8. The method of controlling a hybrid work machine as claimed in claim 7, further comprising:

moderating, by the controller, an increase in turning speed by limiting a torque caused to be generated by the turning electric motor, in the state of the independent turning operation after the transition.

9. The method of controlling a hybrid work machine as claimed in claim 7, further comprising:

generating, by the controller, a speed command corresponding to an amount of operation of a turning operation lever;

generating, by the controller, a torque current command based on the speed command and a current turning speed; and

moderating, by the controller, an increase in turning speed by applying a filter to an increase size of the torque current command in the state of the independent turning operation after the transition.

10. The method of controlling a hybrid work machine as claimed in claim 7, further comprising:

detecting, by a detector of the hybrid work machine, an amount of operation of a turning operation lever, and

determining, by the controller, whether to limit the output power of the turning electric motor in the state of the independent turning operation after the transition to the value smaller than the output power of the turning electric motor in the state of the independent turning operation that is not after the transition based on the detected amount of operation at a time of the transition.

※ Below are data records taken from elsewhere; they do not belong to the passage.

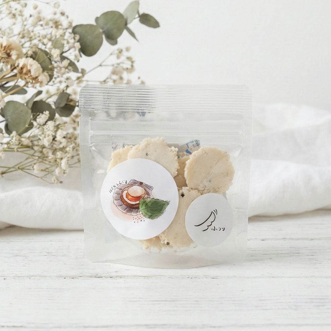 袋を開けた瞬間、北海道の海風のようなホタテの甘い香りが広がります。 そして噛むほどに、プチプチと弾ける「えごま」の香ばしさ。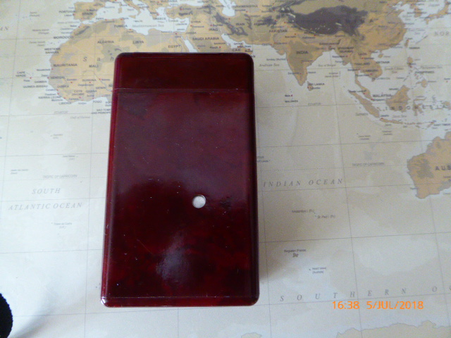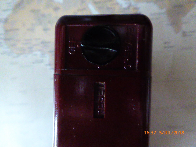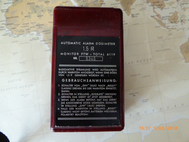 This instrument is a dosimeter that gauges the dangerous kinds of radiation: beta, gamma, röntgen radiation and fast neutrons. It signals with a beeper when 0,5 Röntgen of received radioactive radiation (of all kinds) has been exceeded. The beeper can be reset with a switch on the side of the dosimeter. Because 0.5 Röntgen is a relatively low and a not really dangerous amount of radioactive radiation for humans this alarm dosimeter will excellently serve as a personal early warning system for radioactive radiation. The housing has been made of red/brown bakelite; inside are a Geiger-Müller tube, a lot of electronic components and a beeper. It is 12 centimeters (almost 5 inches) high so it is small enough to fit in your pocket. It has been manufactured by Total between 1960 and 1975 most likely in the USA. On the aluminum sheet sticker has been printed a.o.: AUTOMATIC ALARM DOSIMETER 0,5 R. - MONITOR PTW - TOTAL 6119 NO. 7052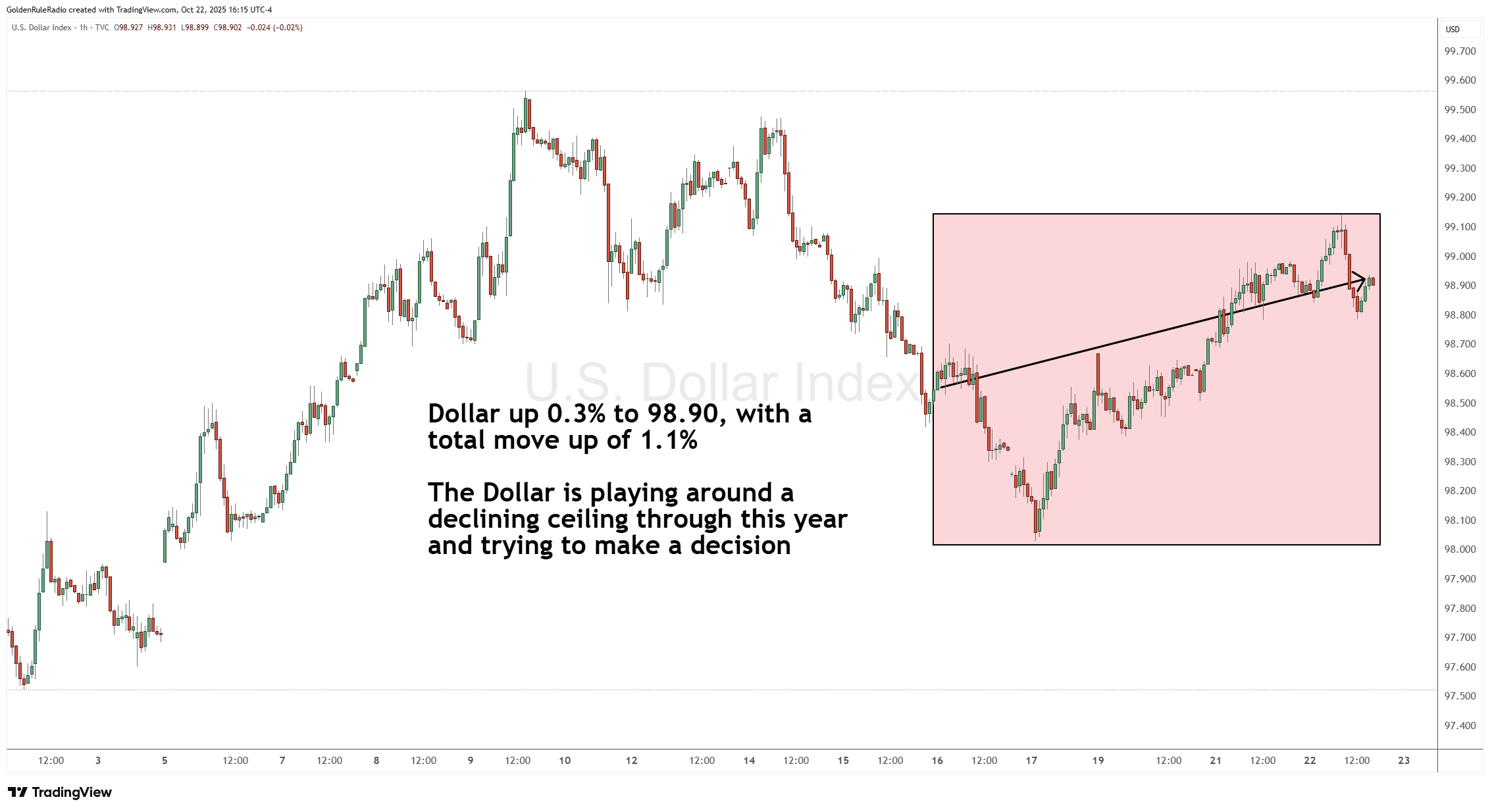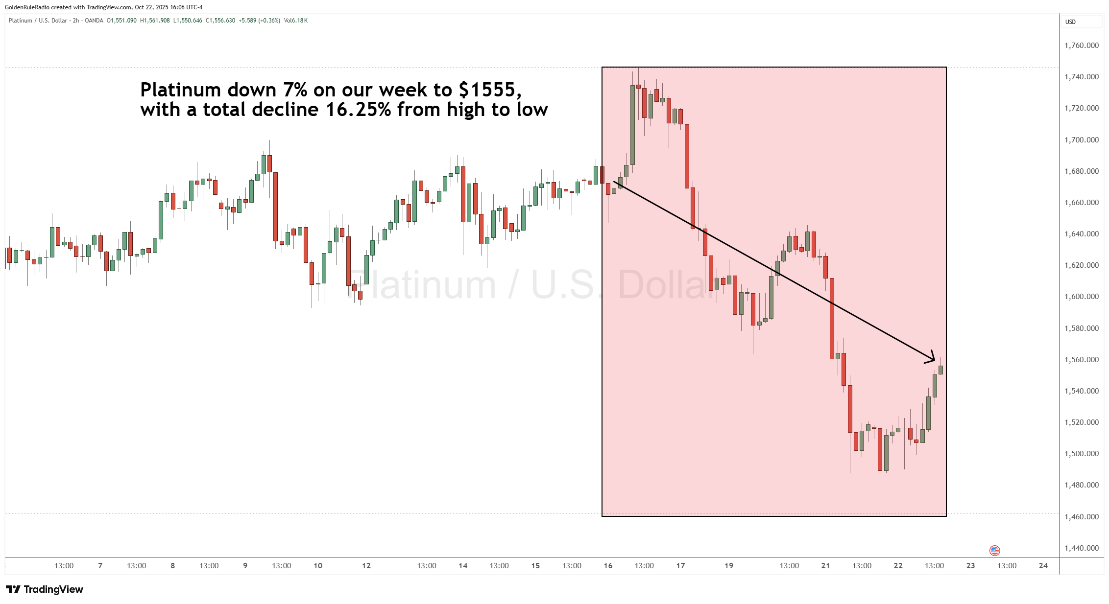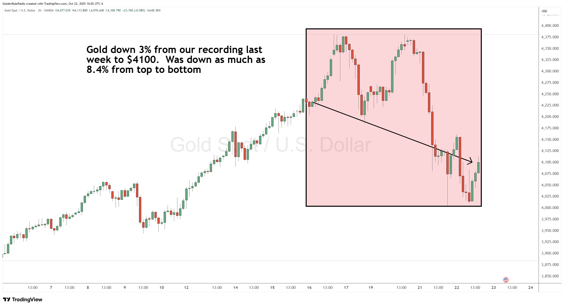 The price of gold is down 3% to $4,100 since our recording the prior week. From high to low, gold had about an 8.5% move intraweek.

11. The method of controlling a hybrid work machine as claimed in claim 10, wherein, in said determining step, the controller determines to limit the output power of the turning electric motor when the amount of operation is unchanged or reduced at the time of the transition.

12. The method of controlling a hybrid work machine as claimed in claim 11, further comprising:

removing, by the controller, a limitation on the output power of the turning electric motor when the amount of operation increases after the time of the transition.